SECTION 12. SETTING RECORD DATE FOR CLOSING OF TRANSFER BOOKS. The board of directors shall have power to close the stock transfer books of the corporation for a period not exceeding sixty (60) days preceding the date of any meeting of stockholders or the date for payment of any dividend or the date for the allotment of rights or the date when any change or conversion or exchange of capital stock shall go into effect or for a period of not exceeding sixty (60) days in connection with obtaining the consent of stockholders for any purpose; provided, however, that in lieu of closing the stock transfer books as aforesaid, the board of directors may fix in advance a date, not exceeding sixty (60) days preceding the date of any meeting of stockholders, or the date for the payment of any dividend, or the date of the allotment of rights, or the date when any change or conversion or exchange of capital stock shall go into effect, or a date in connection with obtaining such consent, as a record date for the determination of the stockholders entitled to notice of and to vote at, any such meeting, and any adjournment thereof or entitled to receive payment of any such dividend, or to any such allotment of rights, or to exercise the rights in respect of any such change, conversion or exchange of capital stock, or to give such consent, and in such case such stockholders and only such stockholders as shall be stockholders of record on the date so fixed shall be entitled to such notice of, and to vote at, such meeting and any adjournment thereof, or to receive payment of such dividend, or to receive such allotment of rights, or to exercise such rights, or to give such consent, as the case may be, notwithstanding any transfer of any stock on the books of the corporation after any such record date fixed as aforesaid.
ARTICLE III
Board of Directors
SECTION 1. GENERAL POWERS. The business and affairs of the corporation shall be managed by or under the direction of the board of directors.
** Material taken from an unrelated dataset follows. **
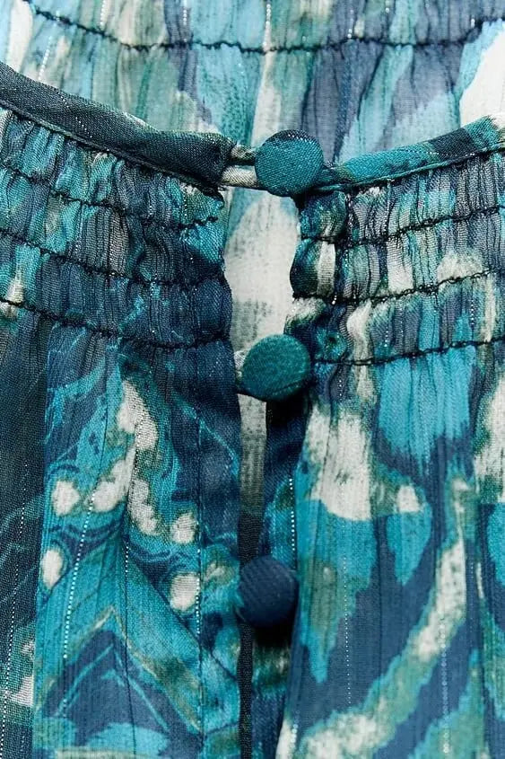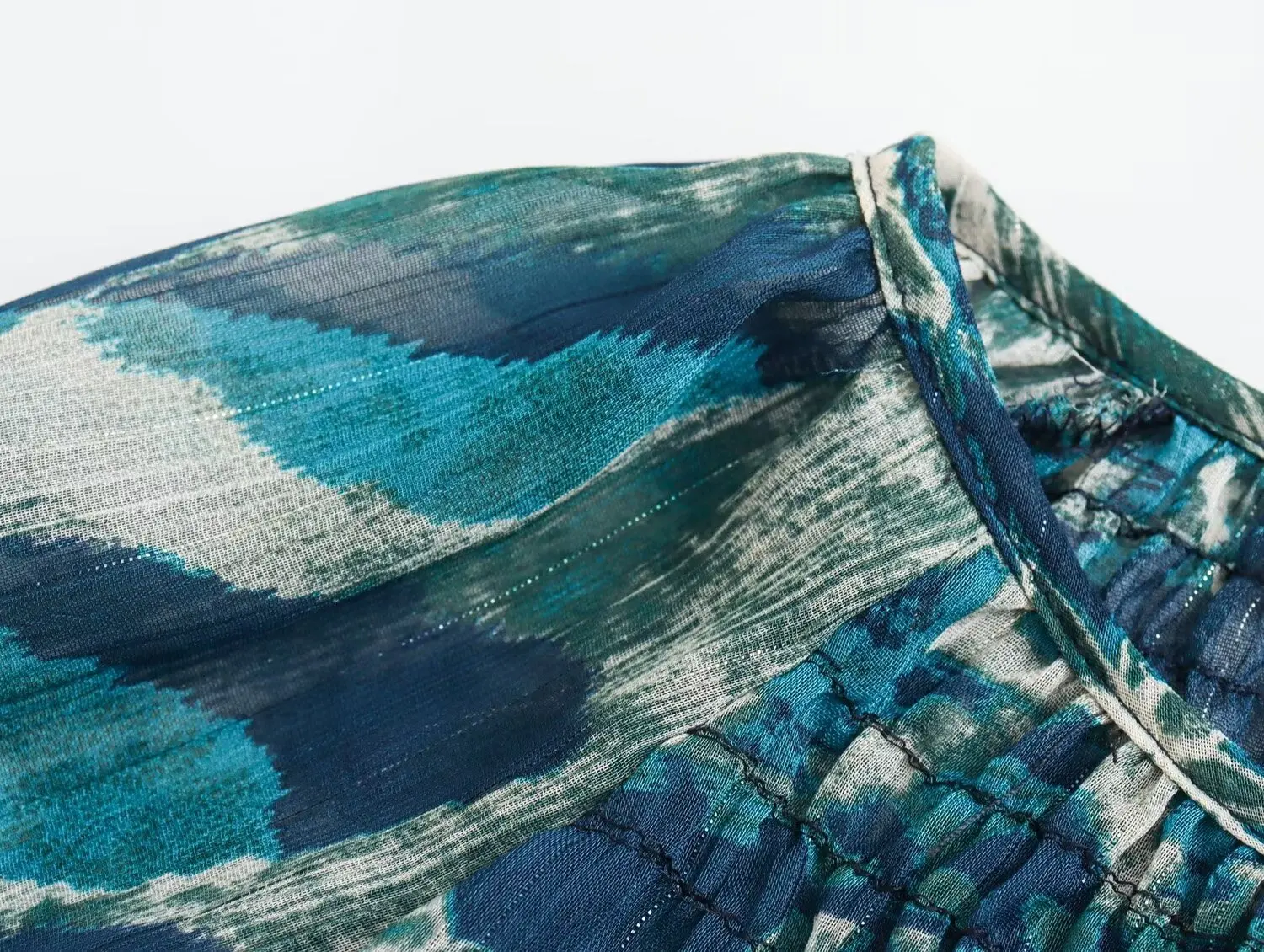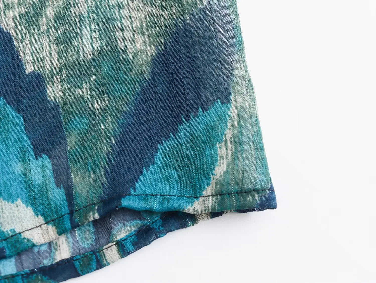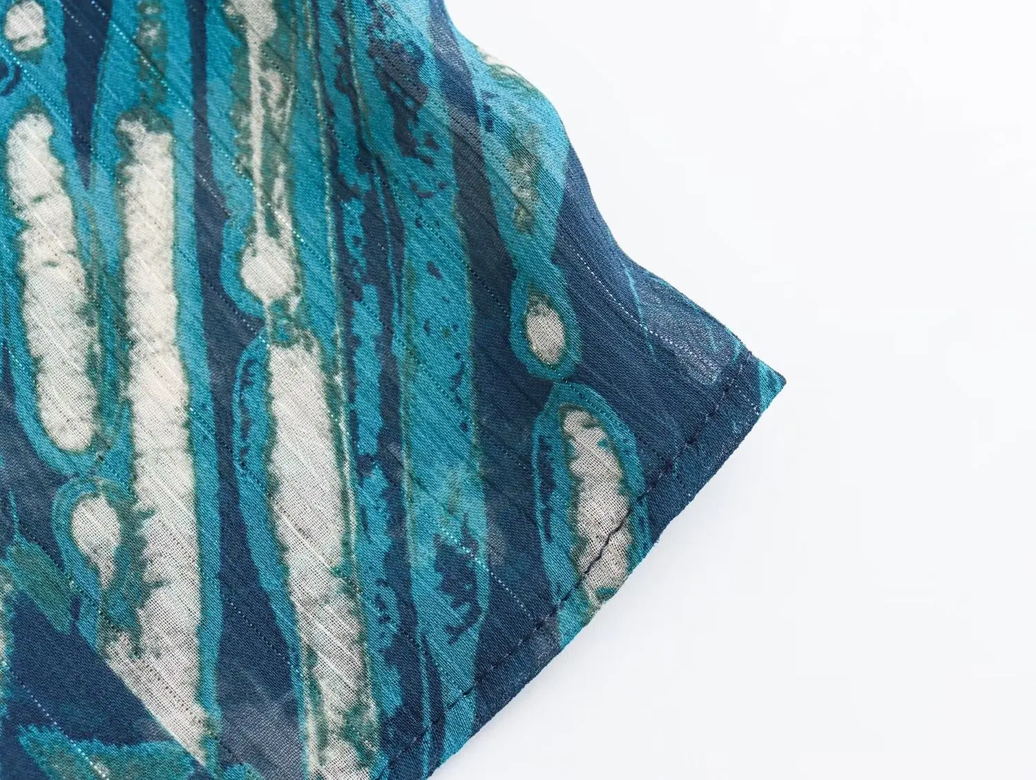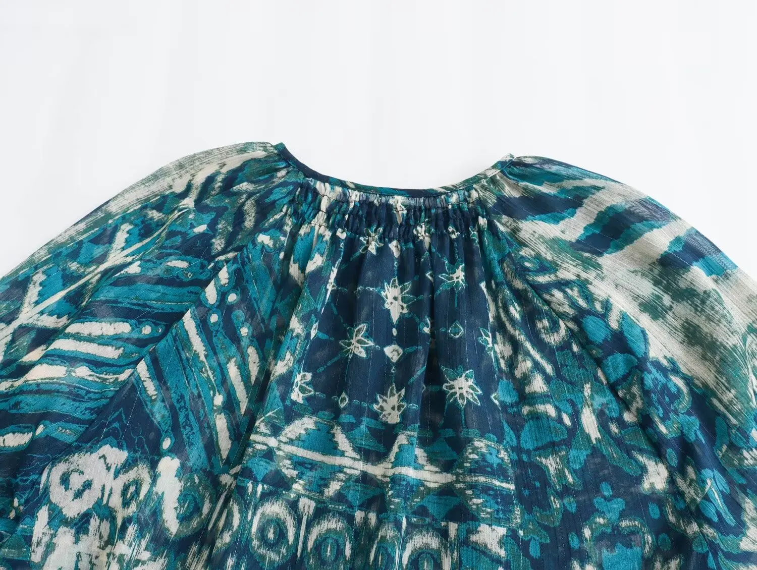 TRAFZA Vintage Casual Chic Print Women Suit O-Neck Single Breasted Blouse Loose Long Straight Skirt Fashion 2024 Boho Set

SECTION 2. NUMBER, TENURE AND QUALIFICATIONS. The number of Directors, which shall constitute the whole Board shall be eleven. The number may be increased or diminished from time to time by amendment of these By-Laws, but shall not be diminished to less than three. Directors need not be stockholders of the Corporation or residents of Delaware. Each Director shall hold office until the next annual meeting of the stockholders or until his successor shall have been elected and qualified.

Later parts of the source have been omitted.